Around 1128, the Castle of Pombal, which was originally a former Roman castro and Arab fortress, was donated to the Knights Templar by Afonso Henriques in order to defend Coimbra and which included a vast territory of land. The transfer of its control during that period, was seen as an important military position, owing to its successive generations of fortification and disputes between Christian and Muslim forces.

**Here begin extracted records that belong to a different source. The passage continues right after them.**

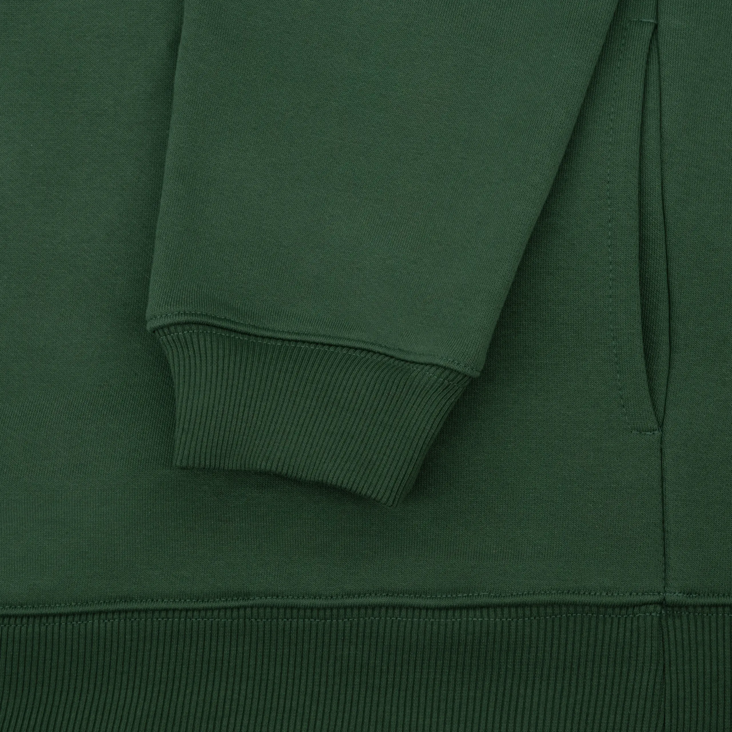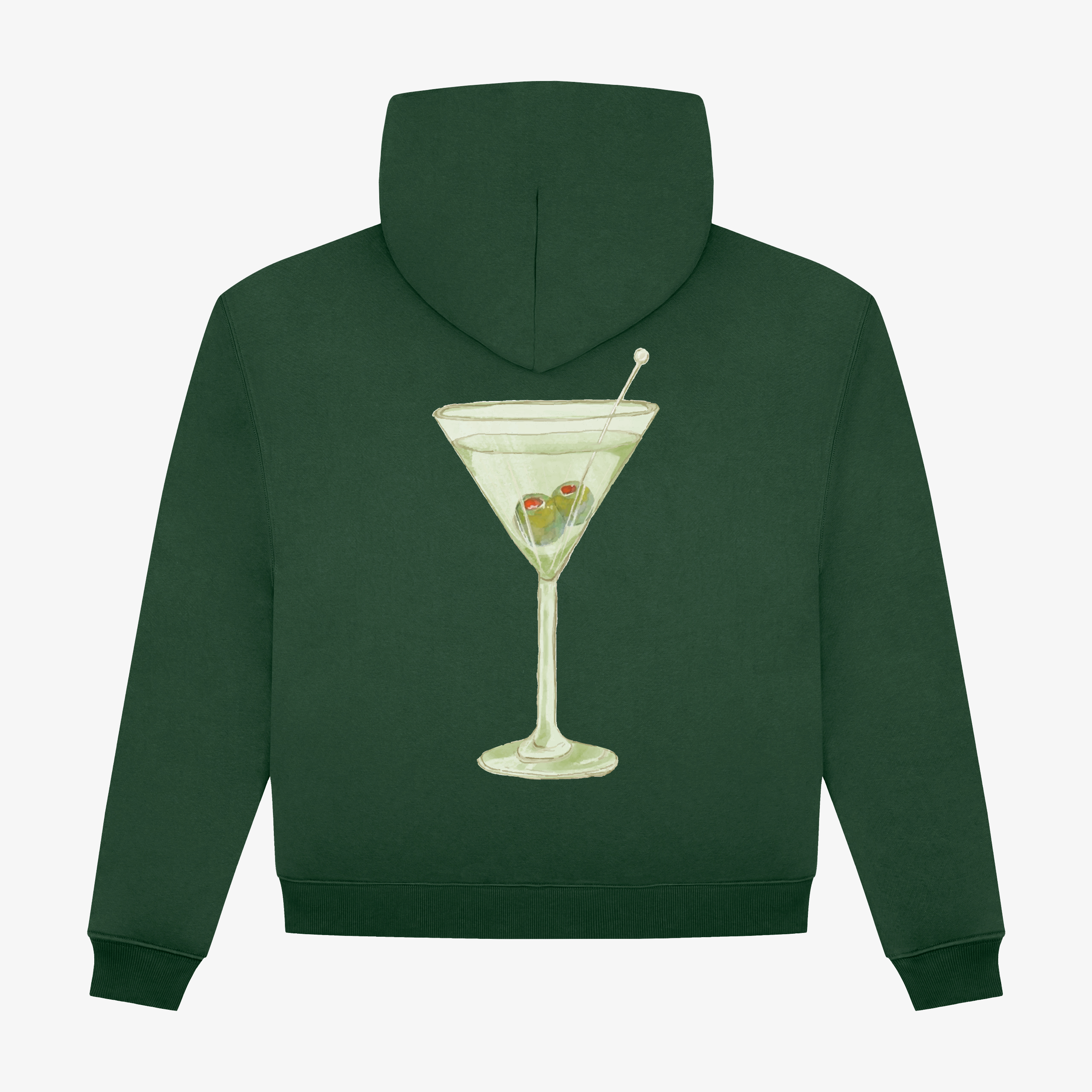 Oversized hoodie made of heavyweight organic cotton in ivy green. Martini print made using DTF technology. Weight 475 GSM. One-piece hood construction. Label made from recycled materials. Fabric custom-made by a Polish knitting mill. Hand-sewn in a local Polish sewing room. Side pockets hidden in the seam. MATERIAL: 100/ organic cotton. Designed by BIZZLE.
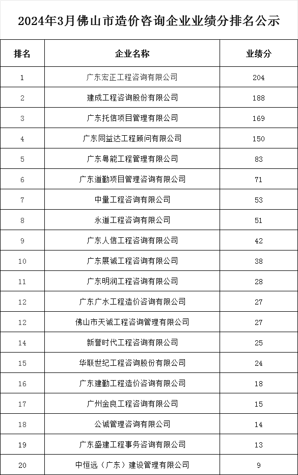 轉發 | 2024年3月佛山市造價咨詢企業業績分排名公示
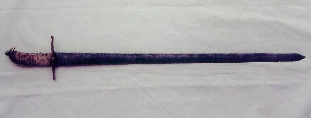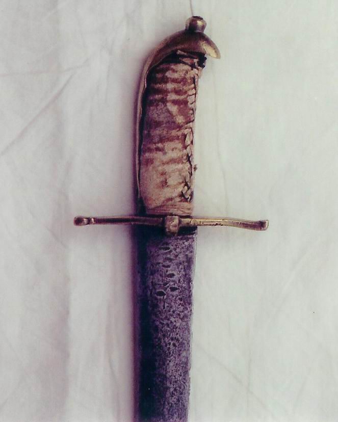 Klinge nicht mehr zu sehen. Der Griff war ursprünglich mit Leder überzogen und dieses
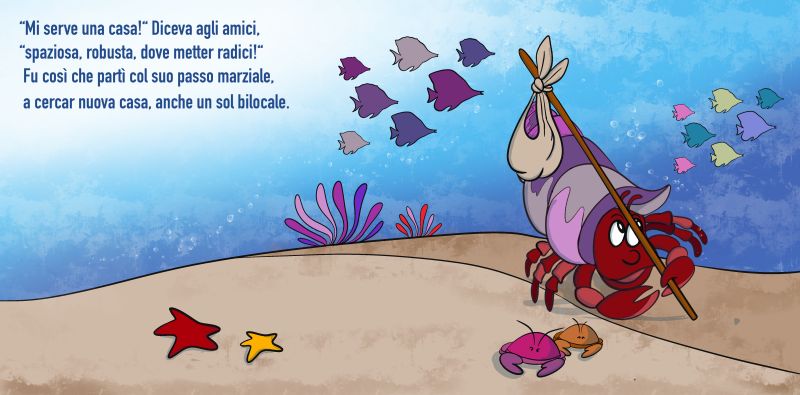 Un piccolo paguro dai grandi occhi gialli è alla ricerca di una nuova dimora. Tra conchiglie, calze abbandonate e strani oggetti metallici, il mare nasconde più di quel che sembra.

The construction of the Romanesque fortress began in the middle of the 12th century (in either 1155 or 1156), and continued practically until the century's end; the construction of various towers was made to serve, stabilize and reinforce the wall, and help to repopulate the town. It is likely that work started on the encirclement of the position and later to the construction of the keep (around 1171), and includes an alambor, a defensive feature to mitigate attacks close to the walls.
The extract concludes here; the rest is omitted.